Périscolaire à Paris : Grégoire inaugure la nouvelle école de formation des animateurs
Le maire PS de Paris Emmanuel Grégoire a inauguré lundi "l'école du périscolaire", nouvelle formation pour les animateurs des écoles de la capitale, éclaboussées par le scandale des violences sexuelles qui a donné lieu à plusieurs plaintes de familles à l'encontre de la Ville.
Ce programme de formation de 100 heures, obligatoire, s'appliquera aux 3.000 animateurs titulaires et contractuels de la filière, a précisé l'édile socialiste, rappelant sa promesse de "contractualiser 2.000 agents supplémentaires dans les années qui viennent".
"L'objectif est de former 500 animateurs par an aux 100 heures", a expliqué Isabelle Cordier, directrice de "l'école du périscolaire", centre de formation initiale et continue situé dans XIIIe arrondissement.
La Ville souhaite aussi "développer considérablement" les formations au BAFA (brevet d'aptitude aux fonctions d'animateur), qui n'est pas obligatoire.
"Cette école est une démarche positive, mais ça reste des formations non diplômantes", a regretté Eric Leclerc du syndicat Supap-FSU.
"En termes qualitatifs, on ne voit pas bien ce que ça change", a jugé de son côté Alexandre Herzog de la CGT.
Depuis février, la totalité des 14.000 animateurs de la Ville, vacataires compris, sont par ailleurs obligés de suivre une formation de 48 heures sur la prévention des violences sexuelles et les violences éducatives ordinaires.
"Je différencie la question des violences faites aux enfants et celle du risque de pédocriminalité. Ca n'est pas vrai que c'est une affaire de statut ou de formation. Mais il peut y avoir une inaptitude et cette formation de 48 heures nous permet de faire une première évaluation", a estimé M. Grégoire.

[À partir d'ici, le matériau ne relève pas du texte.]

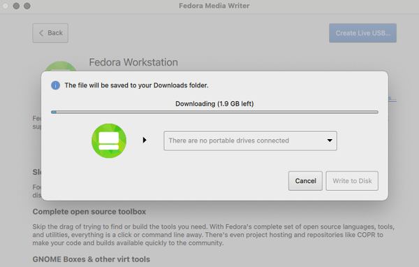 我登上了另一台 MacBook,访问了 Fedora Workstation 网站,它有 Fedora Media Writer 的链接。点击你的机器类型的图标(在我的例子中是苹果标志),你会得到一个安装包。

Le nouveau maire de Paris a annoncé en avril un plan à 20 millions d'euros contre les violences sexuelles dans le périscolaire, "priorité numéro un" de son début de mandat.
"Nous avons déjà dépassé les 20 millions d'euros engagés, qui étaient des premières mesures d'urgence", a affirmé l'édile, assurant que la Ville mettrait "tous les moyens nécessaires" pour professionnaliser la filière, qui souffre de précarité et de sous-effectifs.
Depuis début 2026, 132 animateurs ont été suspendus par la Ville de Paris, dont 52 pour suspicions de violences sexuelles ou sexistes. Plus de 200 enquêtes pénales sont par ailleurs en cours dans les écoles primaires et les crèches de la capitale, selon le parquet.
Vendredi, une quinzaine de familles qui dénoncent des violences et atteintes sexuelles ont annoncé déposer plainte contre la Ville de Paris et le maire, ainsi que sa prédécesseure Anne Hidalgo dont il fut l'adjoint.
"J'en ai pris acte et, sur le fond du dossier, je serai amené à apporter des éléments dès la semaine prochaine", le 16 septembre, lors de son audition par la commission d'enquête du Sénat sur le périscolaire.